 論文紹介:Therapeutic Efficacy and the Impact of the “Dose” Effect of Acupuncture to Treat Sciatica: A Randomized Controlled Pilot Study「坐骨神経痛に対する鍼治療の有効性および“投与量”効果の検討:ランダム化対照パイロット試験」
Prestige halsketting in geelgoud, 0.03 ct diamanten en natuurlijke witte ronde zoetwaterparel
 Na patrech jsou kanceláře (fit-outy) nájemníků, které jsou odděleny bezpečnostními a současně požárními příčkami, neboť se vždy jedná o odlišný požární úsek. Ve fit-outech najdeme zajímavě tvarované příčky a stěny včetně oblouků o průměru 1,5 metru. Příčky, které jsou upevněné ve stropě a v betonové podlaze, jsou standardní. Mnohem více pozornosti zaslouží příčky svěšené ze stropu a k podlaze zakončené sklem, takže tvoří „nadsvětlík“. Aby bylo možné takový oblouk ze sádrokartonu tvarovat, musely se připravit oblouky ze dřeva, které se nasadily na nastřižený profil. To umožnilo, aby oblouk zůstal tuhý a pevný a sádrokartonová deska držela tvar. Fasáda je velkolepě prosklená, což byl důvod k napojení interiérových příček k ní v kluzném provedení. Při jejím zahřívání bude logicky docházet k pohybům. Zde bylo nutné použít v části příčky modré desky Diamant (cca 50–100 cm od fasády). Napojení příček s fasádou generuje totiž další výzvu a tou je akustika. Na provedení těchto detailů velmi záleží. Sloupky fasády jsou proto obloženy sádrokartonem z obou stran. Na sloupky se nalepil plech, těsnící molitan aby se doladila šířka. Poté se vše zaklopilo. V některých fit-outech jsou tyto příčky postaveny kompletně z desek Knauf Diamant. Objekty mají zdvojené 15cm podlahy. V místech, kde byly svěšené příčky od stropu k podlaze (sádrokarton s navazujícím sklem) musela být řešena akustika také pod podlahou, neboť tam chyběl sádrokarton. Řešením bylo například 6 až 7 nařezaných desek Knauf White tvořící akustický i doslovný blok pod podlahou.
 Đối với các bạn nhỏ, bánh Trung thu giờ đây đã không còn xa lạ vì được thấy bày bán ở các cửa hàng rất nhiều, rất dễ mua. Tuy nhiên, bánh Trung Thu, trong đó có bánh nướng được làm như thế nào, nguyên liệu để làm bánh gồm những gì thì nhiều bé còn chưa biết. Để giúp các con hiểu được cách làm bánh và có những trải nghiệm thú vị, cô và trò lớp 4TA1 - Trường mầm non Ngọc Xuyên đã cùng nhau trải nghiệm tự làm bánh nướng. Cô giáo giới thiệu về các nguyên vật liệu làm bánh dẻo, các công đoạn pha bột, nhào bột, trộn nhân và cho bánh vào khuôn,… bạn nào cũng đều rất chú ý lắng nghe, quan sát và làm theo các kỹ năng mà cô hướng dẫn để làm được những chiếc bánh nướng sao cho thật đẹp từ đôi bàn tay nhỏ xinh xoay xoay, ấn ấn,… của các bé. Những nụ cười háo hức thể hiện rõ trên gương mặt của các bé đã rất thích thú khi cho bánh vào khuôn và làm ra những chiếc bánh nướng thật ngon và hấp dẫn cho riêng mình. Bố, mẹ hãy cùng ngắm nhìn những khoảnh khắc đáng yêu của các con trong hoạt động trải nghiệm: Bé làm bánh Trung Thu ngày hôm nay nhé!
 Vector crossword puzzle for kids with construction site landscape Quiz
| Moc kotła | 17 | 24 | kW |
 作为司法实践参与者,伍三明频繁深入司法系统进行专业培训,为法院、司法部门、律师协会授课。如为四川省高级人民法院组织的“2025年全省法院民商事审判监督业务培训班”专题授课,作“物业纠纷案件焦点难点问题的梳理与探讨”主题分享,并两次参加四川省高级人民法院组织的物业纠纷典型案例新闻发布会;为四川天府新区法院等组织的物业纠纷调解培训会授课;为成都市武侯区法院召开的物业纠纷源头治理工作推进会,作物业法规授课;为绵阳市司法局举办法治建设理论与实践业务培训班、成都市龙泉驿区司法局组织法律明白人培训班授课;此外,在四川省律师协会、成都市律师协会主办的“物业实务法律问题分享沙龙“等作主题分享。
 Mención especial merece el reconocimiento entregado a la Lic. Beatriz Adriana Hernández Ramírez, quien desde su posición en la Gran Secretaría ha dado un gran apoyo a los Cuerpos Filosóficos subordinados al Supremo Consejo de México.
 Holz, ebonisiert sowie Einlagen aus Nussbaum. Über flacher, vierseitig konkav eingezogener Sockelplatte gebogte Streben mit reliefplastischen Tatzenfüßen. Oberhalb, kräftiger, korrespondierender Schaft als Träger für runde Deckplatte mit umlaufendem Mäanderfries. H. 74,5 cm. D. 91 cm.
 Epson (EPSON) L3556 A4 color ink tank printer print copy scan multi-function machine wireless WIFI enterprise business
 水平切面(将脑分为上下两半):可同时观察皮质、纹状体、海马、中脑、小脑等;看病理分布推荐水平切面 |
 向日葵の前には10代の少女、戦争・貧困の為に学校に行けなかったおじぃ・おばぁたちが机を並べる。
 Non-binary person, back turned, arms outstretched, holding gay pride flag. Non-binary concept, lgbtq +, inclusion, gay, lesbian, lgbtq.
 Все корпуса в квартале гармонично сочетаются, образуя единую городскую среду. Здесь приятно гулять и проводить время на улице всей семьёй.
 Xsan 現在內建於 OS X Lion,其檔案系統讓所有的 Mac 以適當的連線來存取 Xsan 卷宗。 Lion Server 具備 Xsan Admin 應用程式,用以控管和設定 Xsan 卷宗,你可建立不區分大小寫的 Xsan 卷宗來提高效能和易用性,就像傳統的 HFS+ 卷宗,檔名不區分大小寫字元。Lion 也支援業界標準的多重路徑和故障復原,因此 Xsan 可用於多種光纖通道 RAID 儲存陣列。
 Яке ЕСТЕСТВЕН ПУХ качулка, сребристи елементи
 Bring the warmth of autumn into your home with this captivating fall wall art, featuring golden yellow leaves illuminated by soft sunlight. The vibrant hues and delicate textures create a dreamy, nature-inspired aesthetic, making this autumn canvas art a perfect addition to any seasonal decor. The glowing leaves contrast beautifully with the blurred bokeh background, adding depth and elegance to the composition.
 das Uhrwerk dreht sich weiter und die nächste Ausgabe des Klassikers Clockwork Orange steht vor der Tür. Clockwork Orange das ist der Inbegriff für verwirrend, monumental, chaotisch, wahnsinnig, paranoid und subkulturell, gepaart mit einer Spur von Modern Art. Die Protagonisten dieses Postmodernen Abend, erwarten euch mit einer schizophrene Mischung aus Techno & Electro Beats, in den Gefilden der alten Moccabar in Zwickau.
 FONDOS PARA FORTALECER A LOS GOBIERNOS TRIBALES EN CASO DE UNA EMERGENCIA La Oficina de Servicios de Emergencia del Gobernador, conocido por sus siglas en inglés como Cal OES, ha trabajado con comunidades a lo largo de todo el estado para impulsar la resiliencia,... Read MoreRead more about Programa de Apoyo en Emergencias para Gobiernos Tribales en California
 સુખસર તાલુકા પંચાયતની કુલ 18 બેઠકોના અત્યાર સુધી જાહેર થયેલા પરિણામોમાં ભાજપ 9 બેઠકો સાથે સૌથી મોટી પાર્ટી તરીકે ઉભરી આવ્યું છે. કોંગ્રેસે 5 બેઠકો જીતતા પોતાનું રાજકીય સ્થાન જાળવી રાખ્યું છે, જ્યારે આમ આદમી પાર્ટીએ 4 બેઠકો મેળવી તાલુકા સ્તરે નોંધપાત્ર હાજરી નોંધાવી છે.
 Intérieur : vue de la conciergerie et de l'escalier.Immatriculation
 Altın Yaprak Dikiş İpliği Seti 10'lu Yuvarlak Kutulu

+---+

# WORK REQUEST:
The listing is to be given again exactly, line for line.

# ANSWER SPACE:
 論文紹介:Therapeutic Efficacy and the Impact of the “Dose” Effect of Acupuncture to Treat Sciatica: A Randomized Controlled Pilot Study「坐骨神経痛に対する鍼治療の有効性および“投与量”効果の検討:ランダム化対照パイロット試験」
Prestige halsketting in geelgoud, 0.03 ct diamanten en natuurlijke witte ronde zoetwaterparel
 Na patrech jsou kanceláře (fit-outy) nájemníků, které jsou odděleny bezpečnostními a současně požárními příčkami, neboť se vždy jedná o odlišný požární úsek. Ve fit-outech najdeme zajímavě tvarované příčky a stěny včetně oblouků o průměru 1,5 metru. Příčky, které jsou upevněné ve stropě a v betonové podlaze, jsou standardní. Mnohem více pozornosti zaslouží příčky svěšené ze stropu a k podlaze zakončené sklem, takže tvoří „nadsvětlík“. Aby bylo možné takový oblouk ze sádrokartonu tvarovat, musely se připravit oblouky ze dřeva, které se nasadily na nastřižený profil. To umožnilo, aby oblouk zůstal tuhý a pevný a sádrokartonová deska držela tvar. Fasáda je velkolepě prosklená, což byl důvod k napojení interiérových příček k ní v kluzném provedení. Při jejím zahřívání bude logicky docházet k pohybům. Zde bylo nutné použít v části příčky modré desky Diamant (cca 50–100 cm od fasády). Napojení příček s fasádou generuje totiž další výzvu a tou je akustika. Na provedení těchto detailů velmi záleží. Sloupky fasády jsou proto obloženy sádrokartonem z obou stran. Na sloupky se nalepil plech, těsnící molitan aby se doladila šířka. Poté se vše zaklopilo. V některých fit-outech jsou tyto příčky postaveny kompletně z desek Knauf Diamant. Objekty mají zdvojené 15cm podlahy. V místech, kde byly svěšené příčky od stropu k podlaze (sádrokarton s navazujícím sklem) musela být řešena akustika také pod podlahou, neboť tam chyběl sádrokarton. Řešením bylo například 6 až 7 nařezaných desek Knauf White tvořící akustický i doslovný blok pod podlahou.
 Đối với các bạn nhỏ, bánh Trung thu giờ đây đã không còn xa lạ vì được thấy bày bán ở các cửa hàng rất nhiều, rất dễ mua. Tuy nhiên, bánh Trung Thu, trong đó có bánh nướng được làm như thế nào, nguyên liệu để làm bánh gồm những gì thì nhiều bé còn chưa biết. Để giúp các con hiểu được cách làm bánh và có những trải nghiệm thú vị, cô và trò lớp 4TA1 - Trường mầm non Ngọc Xuyên đã cùng nhau trải nghiệm tự làm bánh nướng. Cô giáo giới thiệu về các nguyên vật liệu làm bánh dẻo, các công đoạn pha bột, nhào bột, trộn nhân và cho bánh vào khuôn,… bạn nào cũng đều rất chú ý lắng nghe, quan sát và làm theo các kỹ năng mà cô hướng dẫn để làm được những chiếc bánh nướng sao cho thật đẹp từ đôi bàn tay nhỏ xinh xoay xoay, ấn ấn,… của các bé. Những nụ cười háo hức thể hiện rõ trên gương mặt của các bé đã rất thích thú khi cho bánh vào khuôn và làm ra những chiếc bánh nướng thật ngon và hấp dẫn cho riêng mình. Bố, mẹ hãy cùng ngắm nhìn những khoảnh khắc đáng yêu của các con trong hoạt động trải nghiệm: Bé làm bánh Trung Thu ngày hôm nay nhé!
 Vector crossword puzzle for kids with construction site landscape Quiz
| Moc kotła | 17 | 24 | kW |
 作为司法实践参与者,伍三明频繁深入司法系统进行专业培训,为法院、司法部门、律师协会授课。如为四川省高级人民法院组织的“2025年全省法院民商事审判监督业务培训班”专题授课,作“物业纠纷案件焦点难点问题的梳理与探讨”主题分享,并两次参加四川省高级人民法院组织的物业纠纷典型案例新闻发布会;为四川天府新区法院等组织的物业纠纷调解培训会授课;为成都市武侯区法院召开的物业纠纷源头治理工作推进会,作物业法规授课;为绵阳市司法局举办法治建设理论与实践业务培训班、成都市龙泉驿区司法局组织法律明白人培训班授课;此外,在四川省律师协会、成都市律师协会主办的“物业实务法律问题分享沙龙“等作主题分享。
 Mención especial merece el reconocimiento entregado a la Lic. Beatriz Adriana Hernández Ramírez, quien desde su posición en la Gran Secretaría ha dado un gran apoyo a los Cuerpos Filosóficos subordinados al Supremo Consejo de México.
 Holz, ebonisiert sowie Einlagen aus Nussbaum. Über flacher, vierseitig konkav eingezogener Sockelplatte gebogte Streben mit reliefplastischen Tatzenfüßen. Oberhalb, kräftiger, korrespondierender Schaft als Träger für runde Deckplatte mit umlaufendem Mäanderfries. H. 74,5 cm. D. 91 cm.
 Epson (EPSON) L3556 A4 color ink tank printer print copy scan multi-function machine wireless WIFI enterprise business
 水平切面(将脑分为上下两半):可同时观察皮质、纹状体、海马、中脑、小脑等;看病理分布推荐水平切面 |
 向日葵の前には10代の少女、戦争・貧困の為に学校に行けなかったおじぃ・おばぁたちが机を並べる。
 Non-binary person, back turned, arms outstretched, holding gay pride flag. Non-binary concept, lgbtq +, inclusion, gay, lesbian, lgbtq.
 Все корпуса в квартале гармонично сочетаются, образуя единую городскую среду. Здесь приятно гулять и проводить время на улице всей семьёй.
 Xsan 現在內建於 OS X Lion,其檔案系統讓所有的 Mac 以適當的連線來存取 Xsan 卷宗。 Lion Server 具備 Xsan Admin 應用程式,用以控管和設定 Xsan 卷宗,你可建立不區分大小寫的 Xsan 卷宗來提高效能和易用性,就像傳統的 HFS+ 卷宗,檔名不區分大小寫字元。Lion 也支援業界標準的多重路徑和故障復原,因此 Xsan 可用於多種光纖通道 RAID 儲存陣列。
 Яке ЕСТЕСТВЕН ПУХ качулка, сребристи елементи
 Bring the warmth of autumn into your home with this captivating fall wall art, featuring golden yellow leaves illuminated by soft sunlight. The vibrant hues and delicate textures create a dreamy, nature-inspired aesthetic, making this autumn canvas art a perfect addition to any seasonal decor. The glowing leaves contrast beautifully with the blurred bokeh background, adding depth and elegance to the composition.
 das Uhrwerk dreht sich weiter und die nächste Ausgabe des Klassikers Clockwork Orange steht vor der Tür. Clockwork Orange das ist der Inbegriff für verwirrend, monumental, chaotisch, wahnsinnig, paranoid und subkulturell, gepaart mit einer Spur von Modern Art. Die Protagonisten dieses Postmodernen Abend, erwarten euch mit einer schizophrene Mischung aus Techno & Electro Beats, in den Gefilden der alten Moccabar in Zwickau.
 FONDOS PARA FORTALECER A LOS GOBIERNOS TRIBALES EN CASO DE UNA EMERGENCIA La Oficina de Servicios de Emergencia del Gobernador, conocido por sus siglas en inglés como Cal OES, ha trabajado con comunidades a lo largo de todo el estado para impulsar la resiliencia,... Read MoreRead more about Programa de Apoyo en Emergencias para Gobiernos Tribales en California
 સુખસર તાલુકા પંચાયતની કુલ 18 બેઠકોના અત્યાર સુધી જાહેર થયેલા પરિણામોમાં ભાજપ 9 બેઠકો સાથે સૌથી મોટી પાર્ટી તરીકે ઉભરી આવ્યું છે. કોંગ્રેસે 5 બેઠકો જીતતા પોતાનું રાજકીય સ્થાન જાળવી રાખ્યું છે, જ્યારે આમ આદમી પાર્ટીએ 4 બેઠકો મેળવી તાલુકા સ્તરે નોંધપાત્ર હાજરી નોંધાવી છે.
 Intérieur : vue de la conciergerie et de l'escalier.Immatriculation
 Altın Yaprak Dikiş İpliği Seti 10'lu Yuvarlak Kutulu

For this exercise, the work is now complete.